Die Domain wird vom DENIC vergeben. Zuerst sollte man also deren Vergaberichtlinie kennen.
Seit dem 15.5.1997 gibt es eine neue Richtlinie, die zwar rechtlich fragwürdig aber
vorhanden ist.
Der Antragsteller hat dort die Pflicht "die als Domain zu registrierende Zeichenfolge
auf ihre Vereinbarkeit mit den Rechten Dritter, zum Beispiel Namens-, Marken-, Urheber-
oder sonstigen Schutzrechten, sowie mit den allgemeinen Gesetzen zu prüfen".
Jeder sollte daher zuerst prüfen, ob der gewünschte Domainname real existiert und
geschützt ist, das DENIC prüft das NICHT.
Sollte es zu Streitigkeiten kommen haftet der Antragsteller, denn "Der bisherige und
der zukünftige Inhaber der Domain haften gesamtschuldnerisch für alle zum Zeitpunkt der
Übertragung bestehenden Verpflichtungen des Inhabers". Das DENIC geht sogar noch
weiter: "Jede Haftung durch das DENIC, gleich aus welchem Rechtsgrund, die auf
leichter Fahrlässigkeit beruht, ist ausgeschlossen.

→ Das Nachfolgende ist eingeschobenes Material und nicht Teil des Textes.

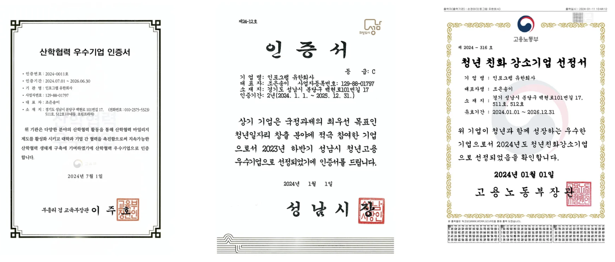 산학협력 우수기업, 성남시 청년 고용우수기업, 청년친화 강소기업에 잇따라 선정돼 ‘청년들이 쾌적한 업무 환경에서 안정적으로 일하고, 커리어를 발전시키기에 좋은 기업’으로 공공기관 인증을 받았죠!
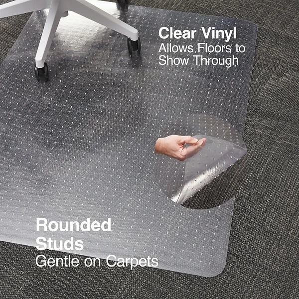 Extend the life of your high pile carpet (up to 1″ thick including padding depth) by protecting against chair caster wear and tear. The perfect addition to your workspace, this chair mat provides a smooth surface that enhances ergonomic comfort by allowing your rolling office chair to move freely. Easy to handle, this chair mat features rounded AnchorBar cleats (studs) that hold your mat in place and are gentle on carpets and fingers (no sharp spikes). This chair mat is made with durable vinyl that is GREENGUARD Gold Certified for low chemical emissions to promote a healthier workspace. Designed for use on carpeted surfaces only, do not use on hard floors.
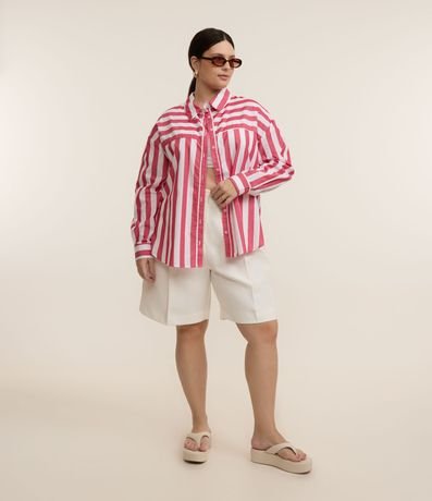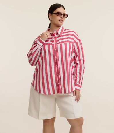 Ref: Camisa plus size confeccionada em tricoline de algodão mais sustentável. A peça tem gola tradicional, mangas longas, abotoamento frontal e pala na frente e atrás.
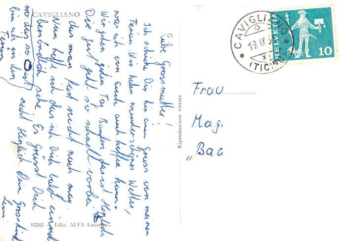 13872770 alte Postkarte Cavigliano TI Fliegeraufnahme postalisch gelaufen Erhaltung siehe scans [WerneD78] KatCode: 11470210655922
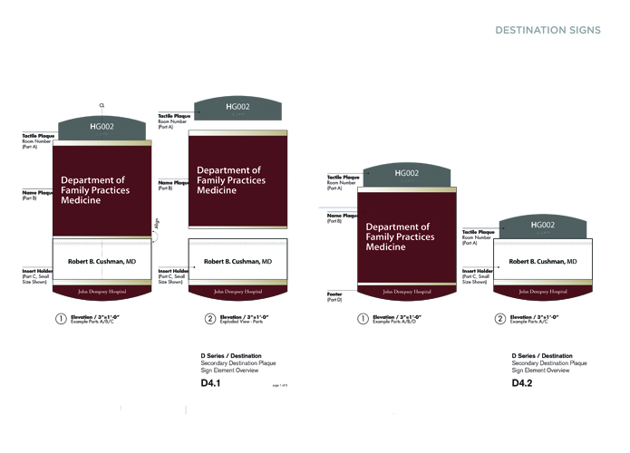 After receiving our 186-page wayfinding assessment, the University of Connecticut (UConn) Health Center implemented a significant amount of our recommendations including the development of a new signage standards manual. The challenge involved balancing the needs of academic, research and healthcare users. The result is a flexible system that’s changeable and serviceable in house. Thoughtful and resourceful solutions allowed the existing exterior signage to be renovated with headers and footers to create a new look while expressing the wayfinding districting plan recommendation.

Im übrigen beschränkt sich die
Haftung auf denjenigen Schaden, den das DENIC als mögliche Folge der Vertragsverletzung
vorausgesehen hat oder hätte voraussehen müssen".
Inwieweit diese Position rechtlich haltbar ist soll hier nicht erörtert werden, es kann
aber sicherlich nicht schaden die Auszüge aus der Richtlinie zu kennen.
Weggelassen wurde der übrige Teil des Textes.